Almost all devices in Reason that are capable of overdriving a signal will generate ODD and/or EVEN overtones/harmonics. Most do both, some do either ODD or EVEN harmonics. The good old Jack Endino article is highly recommended when you are not familiair with these concepts. But well, I will explain this as easy as I can in the blogpost below as well. Jack states that tape-devices generate ODD overtones and that tube can do both ODD and EVEN overtones.
EVEN harmonics are frequencies which are 2, 4, 6, 8 times and so on multiplications of the main/root frequency.

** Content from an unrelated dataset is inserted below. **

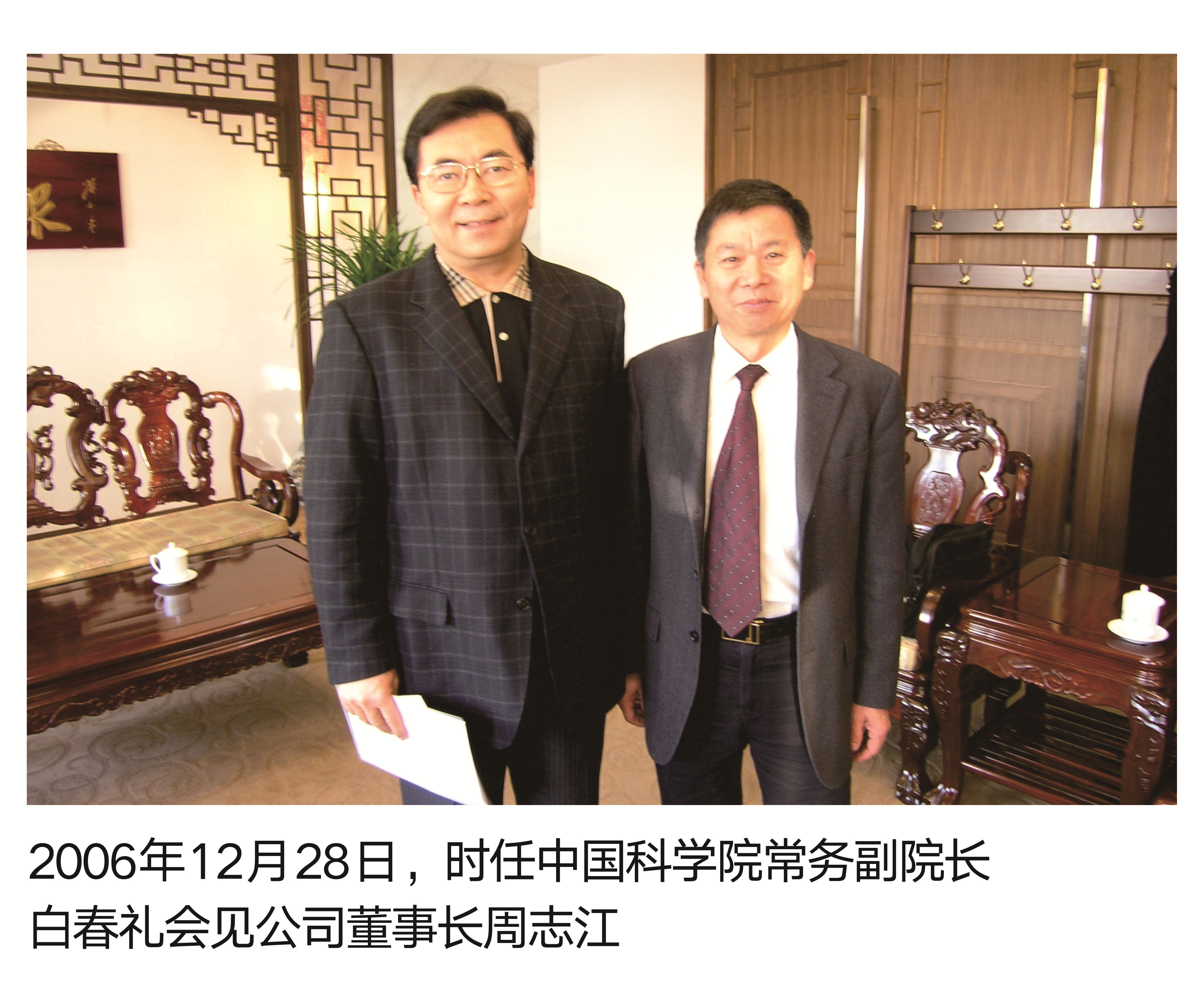 2006年12月28日,时任中国科学院常务副院长白春礼回见公司董事长周志江

ODD (also called UNEVEN) harmonics are 3, 5, 7 times and so on multiplications of the main/root frequency.
So the difference between the two is either an even number as multiplier or an uneven number as multiplier. Simple stuff right?
The ODD and EVEN list
I often use a pure sine wave using the fantastic Wavetable OSC in Thor to generate a A3/440 Hz tone. The EVEN and ODD harmonics of A3/440 Hz then are:
#1 A3 (main/root)
#2 EVEN – A4 – octave
#3 ODD – E5 – perfect fifth
#4 EVEN – A5 – 2 octaves above
#5 ODD – C#6 – a major third 3 octaves above
#6 EVEN – E6 – perfect fifth 3 octaves above
#7 ODD – G6 – dominant seven 3 octaves above
#8 EVEN – A6 – 3 octaves above
Here’s a picture made with Ableton Spectrum:
The numbers as you can see correspond with the list above. The first 3 harmonics (2, 3 and 4 as multipliers) are super nice, only octaves and a perfect fifth! But as you can see all tones are musical frequencies which correspond to the note-names of our modal system.

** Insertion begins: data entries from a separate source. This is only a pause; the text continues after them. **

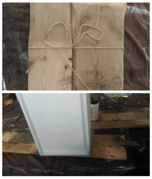 Poner pegamento de madera en el borde de una tabla y palo al lado del otro. Uso de string tie los dos tablones firmemente juntos. Poner algo muy pesado en las tablas y dejar secar durante unas horas.
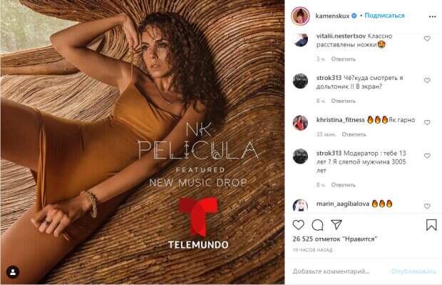 Специально к премьере Настя снялась в пикантной фотосессии, кадры из которой показывает едва ли не каждый день у себя в Инстаграм. На новом фото певица блистала в оранжевом мини-платье на тонких лямках, с массивным браслетом из золота, а также таким же колье. Мокрые волосы Насти уложены мягкими волнами на плечи. Для большей пикантности Настя даже слегка задрала платье, чем обратила внимание фанатов на себя. «Thank you @telemundo @latinxnow for adding my #PELÍCULA lyric video to #NewMusicDrop Such an honor! ❤️
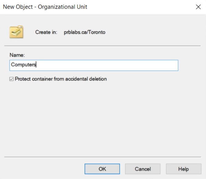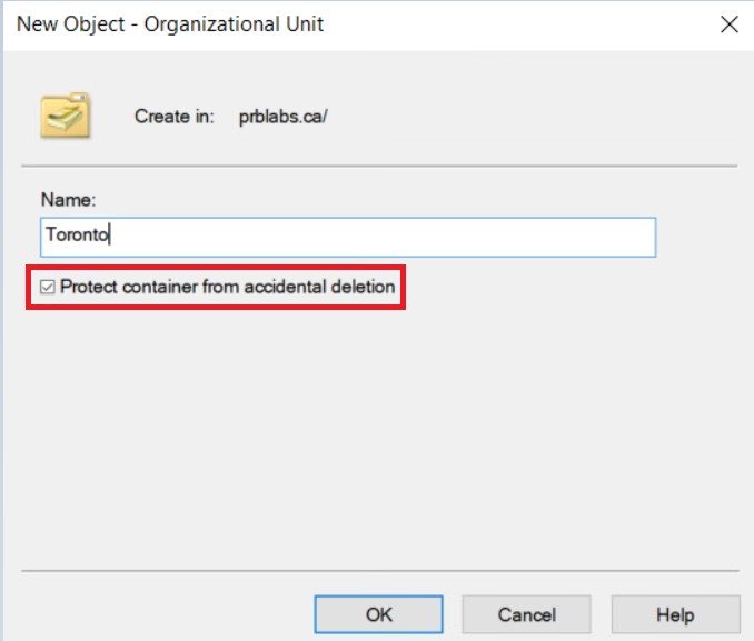 Once the New Object - Organization Unit Window comes up, you can enter the name of your Organizational unit. I will call mine Toronto but you can name yours anything you want. You will see an option at the bottom of that you can uncheck, but really, there is no reason to uncheck it. Having this box checked will prevent users from accidentally or intentionally right clicking and deleting the OU, this check-mark prevents that from happening.

There’s a lot of discussion about what sounds better EVEN or UNEVEN/ODD? Check out this video for example:
In my opinion it’s about the mix between ODD and EVEN harmonics which creates the best saturation. And the level at which they are generated. Although I only mentioned the first 7 harmonics, most saturation devices will generate overtones which will go much higher than that. Some even go beyond 20 kHz (beyond the 10th octave!) and might even cause aliasing issues!
Very high harmonics might result in a thin sound. So adding a low pass filter before distortion can be super useful, using the lovely Reason Pulveriser for example. And don’t forget that using a high pass filter before overdrive is a great way to minimise nasty intermodulation.
Only EVEN harmonics?
How to generate only EVEN harmonics in Reason? The Shaper in Thor can deliver. It needs a special trick to open the Filter 1 gate in Thor so you can run an audio signal through it. And since it’s MONO you need 2 Thors to process STEREO input.

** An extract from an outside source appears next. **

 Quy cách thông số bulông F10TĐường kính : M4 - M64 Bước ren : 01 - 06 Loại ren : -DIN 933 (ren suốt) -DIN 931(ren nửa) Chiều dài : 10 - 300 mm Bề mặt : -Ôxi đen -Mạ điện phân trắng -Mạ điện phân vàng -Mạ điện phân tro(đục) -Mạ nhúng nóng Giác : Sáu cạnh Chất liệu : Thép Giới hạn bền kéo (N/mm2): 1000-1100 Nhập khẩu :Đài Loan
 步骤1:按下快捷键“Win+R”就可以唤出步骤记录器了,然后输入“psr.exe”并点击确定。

The Rectify Shaper will deliver only EVEN harmonics. And if you turn the Drive all the way up it will kill the 1st frequency, the root frequency! It’s as if you pitch shift the whole audio signal an octave! 🙂 Kinda cool, right?
The Unipulse Shaper will also deliver only EVEN harmonics. But it will always kill the 1st, the root frequency no matter the Drive amount. Its saturation process generates more high frequencies than the Rectify Shaper. In short: Rectify is warmer than Unipulse.
Only ODD harmonics?
The Bipulse Shaper in Thor will deliver only ODD harmonics. Same as The Echo using its OVDR setting. And the Synchronous device at Dist 1 and Dist 2 settings. And also the Soft Shaper, Hard Clip Shaper, Saturate Shaper and Sine Shaper in Thor will only deliver ODD harmonics.
Great for getting some lovely tape like saturation!
The Pulveriser has some nifty saturation features: it generates only ODD harmonics at lower drive settings (or when you’re pushing its input not too hard) but will start adding EVEN harmonics to the signal as well when you raise the drive/input. So it can do ODD or ODD+EVEN harmonics depending on the amount of drive/input.
Please don’t be blinded with science! I am not either. Sending a 440 Hz tone through devices is not a real life kind of thing you want to do for a long time. You better apply some saturation to cool sounding stuff. Just experiment, using your ears. Apply some overdrive to guitars, bass, drums, vocals, anything really. Overtones are lovely additions for a signal.